Immediately following “Careers in Federal Libraries” was the FAFLRT Awards ceremony. I was honored to meet Mr. Robert Schnare, Jr., Director of the Naval War College Library in Newport, Rhode Island, who was selected as the FAFLRT Distinguished Service Award recipient, “for his outstanding and sustained contributions to FAFLRT” ( http://www.ala.org/ala/mgrps/rts/faflrt/initiatives/index.cfm ).

On Sunday, June 29, FAFLRT scheduled back-to-back sessions during the entire day. Sessions were located in meeting rooms within close proximity to one another in the Anaheim Convention Center which made it very convenient for attendees. In fact, Sunday’s ALA Cognotes featured articles on FAFLRT sponsored sessions on Government 2.0 applications and providing information services to Members of Congress.

While in attendance at the FAFLRT Board and general membership meeting, I was able to view the members of the board and roundtable in action. Lively discussions among the board included policymaking, budget, and ideas for promoting the FAFLRT. The general meeting was well attended by FAFLRT members as well as individuals with an interest in learning more about this section.

During the “State of Federal Libraries” session, attendees shared their unique experiences at their federal libraries. Participants at this session included FAFLRT members, as well as individuals with an interest in the current status of federal libraries. What I discovered by attending this session, is that librarians overall have very global issues, regardless of their organization or agency, whether it is a federal agency, or public, academic, or special library setting.

You can see the presentations from FAFLRT events at the 2008 ALA Annual Conference on Slideshare ( http://www.slideshare.net/tag/faflrt).

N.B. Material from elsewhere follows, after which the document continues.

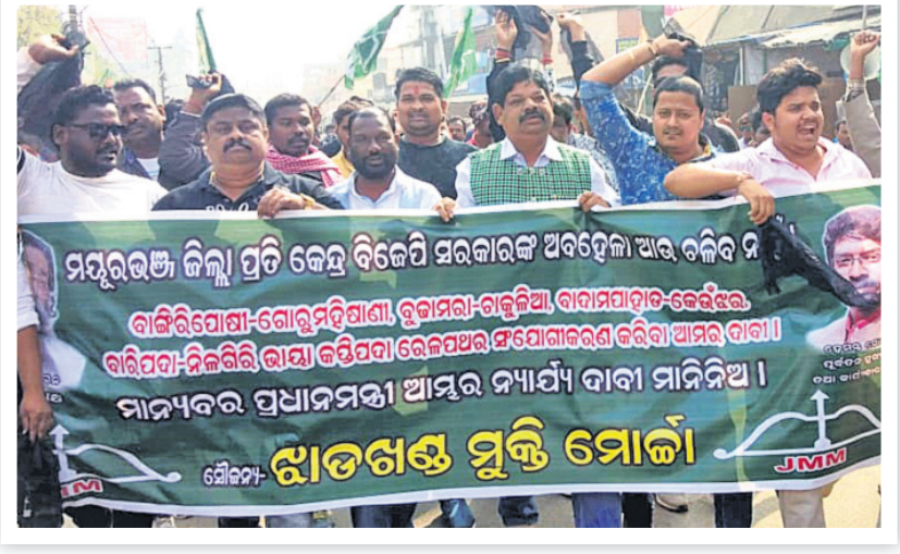
ଜେଏନଏମ କର୍ମୀଙ୍କ ବିକ୍ଷୋଭ ଶୋଭାଯାତ୍ରା।

One of the highlights of the Anaheim conference was the Camp Pendleton Tour, on Monday June 30, sponsored by FAFLRT. Participants included librarians from all over the US, as well as Europe and Australia. Many of the tour participants had very specific reasons for participating in this event, including myself. My brother had been stationed at Pendleton during his tour of duty. Many others on the tour also had family members stationed at this base. Other participants were interested in seeing the pristine landscape and flora of southern California or the architecture of the base.

The itinerary included a tour of the Camp Pendleton Main Library on the 250 square 2009mile base. During the afternoon, we went on a tour of the World War II and Korea LVT Museum and the Assault Amphibious School, where we were provided a demon-stration of the assault vehicles currently utilized in the Iraq War.

To close out the conference experience, I attended the FAFLRT information session on June 30, held in the Exhibits Hall at the ALA Member Pavilion. During this presentation, I was able to learn more about this section and the types of federal librarianship, including special, academic and medical libraries, which this round table supports.

I left the 2008 conference with a fresh perspective on the opportunities that would be available to me within the federal arena. This ALA experience broadened my knowledge of the world of federal librarianship opportunities. It provided me the opportunity of meeting and conversing with professionals in the federal arena, and to have a glimpse of their duties. This experience furthered my desire to be among the ranks of these information professionals.

Thanks to Nancy Faget, FAFLRT president and LSU SLIS graduate, for posting the scholarship announcement on the SLIS listserv. I would like to thank the FAFLRT awards committees for selecting me for this award. I want to thank Dr. Michelyn McKnight from the School of Library and Information Science at LSU for recommending me for this award. I would also like to thank Suzanne Martin, Fletcher Technical Community College Head Librarian, for encouraging me to pursue the MLIS, as well as scholarships that are available.

I encourage all library students to apply for the FAFLRT scholarships and awards while in pursuit of their degree. These opportunities will broaden their knowledge of the profession, and allow them to meet and network with other library professionals in the federal arena, and develop lifelong professional relationships during their careers.